Kırk beş yıl İstanbul meskenin oldu
Evin bereketlendi çocukla doldu
Seni her arayan yanında buldu
Muhabbette oldun şah Kamil Hoca

Ahraca giderdik arar bulurdun
Ağır ayak idin geç de kalırdın
Geldiğin ortama neşe salardın
Bunlar meziyetin vah Kamil Hoca

Biz sitem ederdik hoş karşılardı
Her türlü sohbette yine o vardı
Yıllar çabuk geçti Kamil yaşlandı
Sabır ağacıydın eh Kamil Hoca

Dört oğlan üç de kız yedi horanda
Tahsilini yapmış hepsi bir yanda
Koşup geldiler hava ve karada
Hizmet eylediler bah Kamil Hoca

Bir kış gününde zaman akşamdı
Bir anda feryatlar afakı sardı
Ahbabın yaranın kavruldu yandı
Dosta geçit vermez kış Kamil Hoca

Bilcümle dostların saf saf dizildi
Hepsinin gözünden yaşlar süzüldü
Yalnız biz değil el de üzüldü
Kaldır da başını bak Kamil Hoca

Kömürcüoğlu yasta yaran gitti
Ömür dediğin ne çabuk bitti
Eşini dostunu mateme itti
Her sözüm bir damla yaş Kamil Hoca

Kömürcüoğlu Kadir Altaş / 15.02.2015

Gurbeti Sorma ki…

Gurbeti sorma ki içim yanıyor,
Her bir yavrum bir köşede bil oğul.
Sütleri doldurdum kazan kaynıyor
Peynirim tazedir çabuk gel oğul.

Sofrada çorbaya kaşık çalmadan
Yayladaki lale sümbül solmadan
Gün tükenip karanlığa kalmadan
Gözüm yollardadır hele gel oğul

Ne yayla gözümde ne de davarı
Siz benim gözümde dünyanın varı
Ananı sılada ağlatma bari
Kuzuyu koyuna saldım gel oğul

Yayıkları yaydım teknede yağım
Gün be gün tükendi bu gençlik çağım
Siz benim hem yaylam hem yüce dağım
Sedire kilimi serdim gel oğul

Gece sabah olmaz yollar da bitmez
Oğulsuz hanede bülbüller ötmez
Bir kuru selamın bu kalbe yetmez
Zülfümde beyaz gül açtı gel oğul

Koyunlar otlanır kuzular meler
Anadan ayrılan dağları deler
Bağından ayrılan çiçekler solar
Saçımı süpürge ettim gel oğul

Kömürcoğlu gurbet seni de yaktı
Yıllardır bu elden çok yıldız aktı
Peyniri yedimde anacım koktu
Göçler yaylalardan kalktı gel oğul.

Kömürcüoğlu Kadir Altaş / 21.08.2006

Eski Bayramlar

Köyümüzde eski bayramlardan bir yemek töreni.
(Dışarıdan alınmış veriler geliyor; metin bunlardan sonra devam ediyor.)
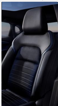
B - Černé látkové čalounění s tmavě modrými vložkami ze syntetické kůže

Bayram namazından çıkınca köyde topluca erkekler için yerler hazırlanmıştır. Bu yerlere erkekler ve erkek çocuklar katılabilir. Toplu yemek yenilen yerler ?Aşağı mahalle Salihgilin baca?, ?Orta mahalle Ahmet Pehlivangilin baca?, ?Yukarı mahalle Şaban Emigilin baca? ve ?Su deresi Seyfat emigilin baca?. Erkekler camiden çıkmadan önce mahallenin hanımları sofraların kurulacağı bacaları temizler, hasırları sararlar, taze hasırlar büyüklerin oturacağı yere sarılır. Tahta sofralar peşgun hazırlanır, Peşgunların tazeleri ve büyükleri Büyüklerin oturacağı mahale konur. Kıl cecimi varsa o da yine büyüklerin olduğu bölüme sarılır. Kıl cecimi o mahallenin zenginlik göstergesidir. Bunun yanında bir kaç minder varsa bu daha çok zenginlik götergesidir. O gün söylenmese de daha sonra söylentisi başlar. Filan mahallenin sofraları çok güzeldi. Cecim sermişler, minder sermişler diyerek övgüyle bahsedilirdi.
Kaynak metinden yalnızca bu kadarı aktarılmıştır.